Поколение Ивановых родителей, вдоволь наслушавшееся от стариков тяжёлых упрёков, с годами набралось жизненного опыта и тоже, ни с того ни с сего, стало упрекать своих детей, разве что чуть-чуть помягче и пореже. Ивана это всегда задевало, и он всегда спорил со старшими.

– Мы не были тунеядцами! Нет! – утверждал он при любом удобном случае. – Мы учились! А учёба – тяжёлая работа! Это знают все! Кроме того, мы на каникулах помогали колхозу – работали штурвальными*, в колхозном саду и огороде, пасли коров и телят, пропалывали поля подсолнечника, кукурузы, свеклы… А наши молодые спортсмены что вытворяли на Олимпиадах в то время?! Разве до этого так могли? Или теперь так могут? Неблагодарными мы тоже не были – всегда заверяли на школьных линейках старших товарищей, что не посрамим их трудовых подвигов и даже приумножим! Нет, я никогда не соглашусь, что наше поколение – измельчавший народ! – негодовал Иван.

Но пришло время, когда Ивану тоже захотелось во всеуслышание сказать: «Измельчал народ!..»

И было от чего.

Штурвальными не работают, стада не пасут, поля не пропалывают. Да и как это сделать? От большого хутора в двести с лишним дворов, бывшего всего лишь одной из трёх бригад большого колхоза, почти ничего не осталось. Нет ферм с сотнями голов скота, нет гомонящей птични и нет тракторного двора с десятками различных сельскохозяйственных агрегатов. Ничего нет: ни одной общественной скотинки, ни одной птичинки, ни одного-единственного комбайна или трактора. Да что птични и фермы, нет даже начальной школы!
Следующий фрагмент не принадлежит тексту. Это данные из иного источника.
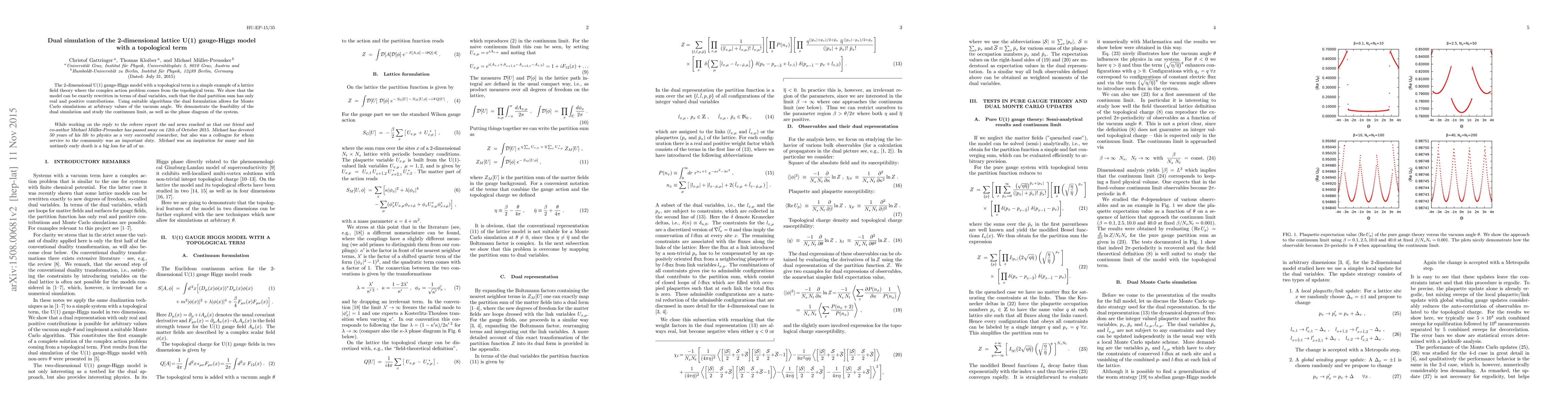 This paper presents an exact dual formulation of the 2-dimensional U(1) gauge-Higgs model with a topological term, enabling Monte Carlo simulations with real and positive contributions. The study demonstrates the dual simulation's feasibility and explores the continuum limit and phase diagram.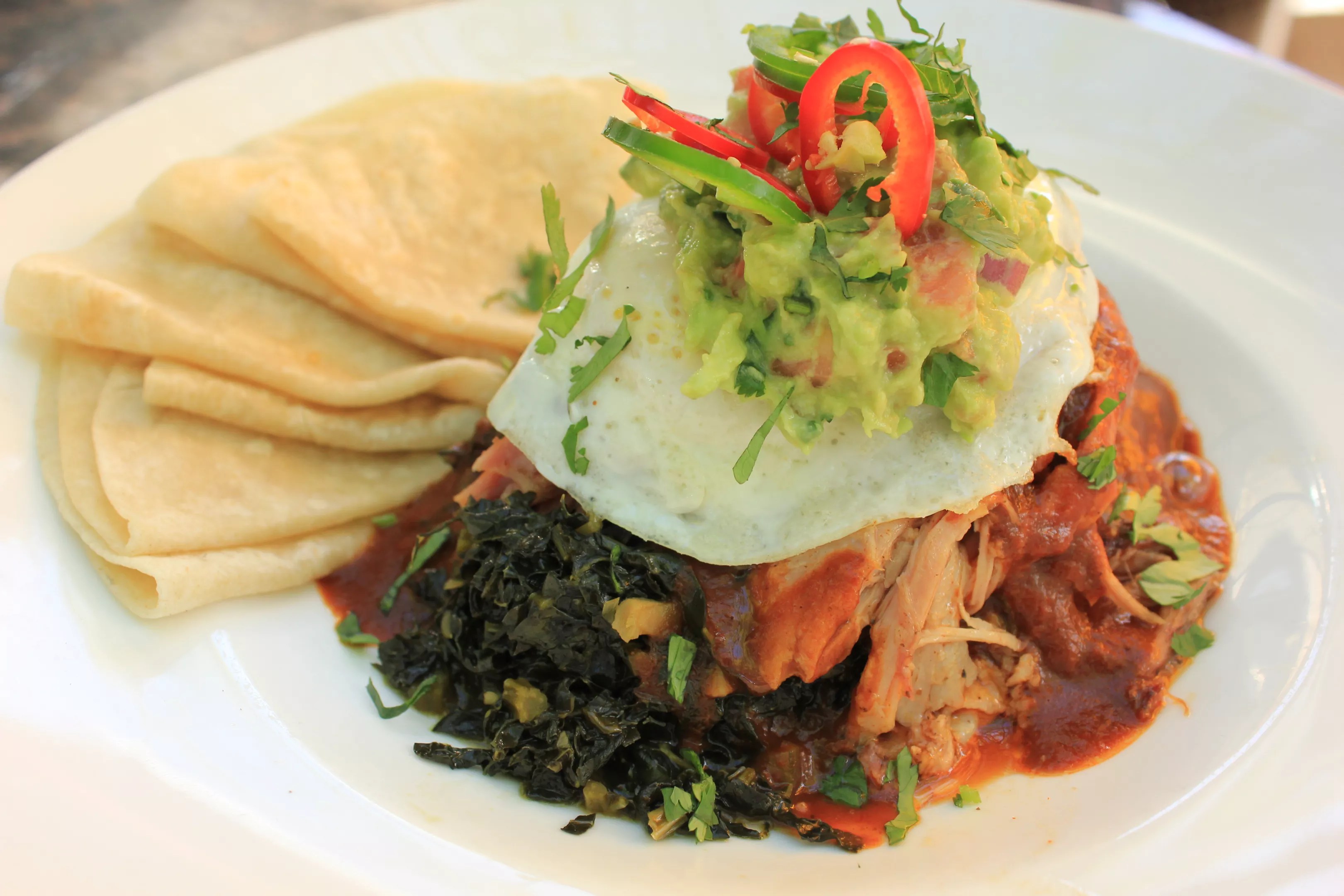 Carne Adovada with a fried egg, guac, braised kale, and flour tortillas

И всё-таки не это больше всего возмутило Ивана – это дело объективное и, может быть, даже поправимое. Его возмутило другое – равнодушие к святыням.

2

Иван на своей малой родине бывает один раз в год – летом. И всё, что там случается за осень, зиму и весну, его живо интересует. Кто женился и кто построился? Кто родился и кто умер?

Женятся редко. Строятся тоже редко – даже очень редко. Значит, и рождаются редко. Но умирают часто. И поминают их весело. С водочкой. Где теперь ещё встретиться и отвести душу современным гражданам, охваченным невесть откуда свалившейся на их головы чудовищной суетой, как не за поминальным столом, за которым можно часто услышать, что к традициям и святыням стали относиться не должным образом? Где-то там – то ли в какой-то соседней деревне, то ли в каком-то соседнем районе – по могилкам беспризорно бродят стада коз и овец. Где-то их даже сами люди привязывают к крестам. Где-то и вовсе происходят небывалые события: «новые» русские крестьяне, а точнее полоумные русские крестьяне, снесли со старого кладбища к излучине реки множество крестов – из одних настелили помосты, из других соорудили трамплины, из третьих сделали полотняные грибки от солнца и «культурно» отдыхают, подражая пляжникам с большой реки. Видимо, представляют себя на левом берегу батюшки Дона, а то и вовсе на безбрежных просторах матушки Волги. А где-то там ещё – бог весть где, произошло бог знает что!..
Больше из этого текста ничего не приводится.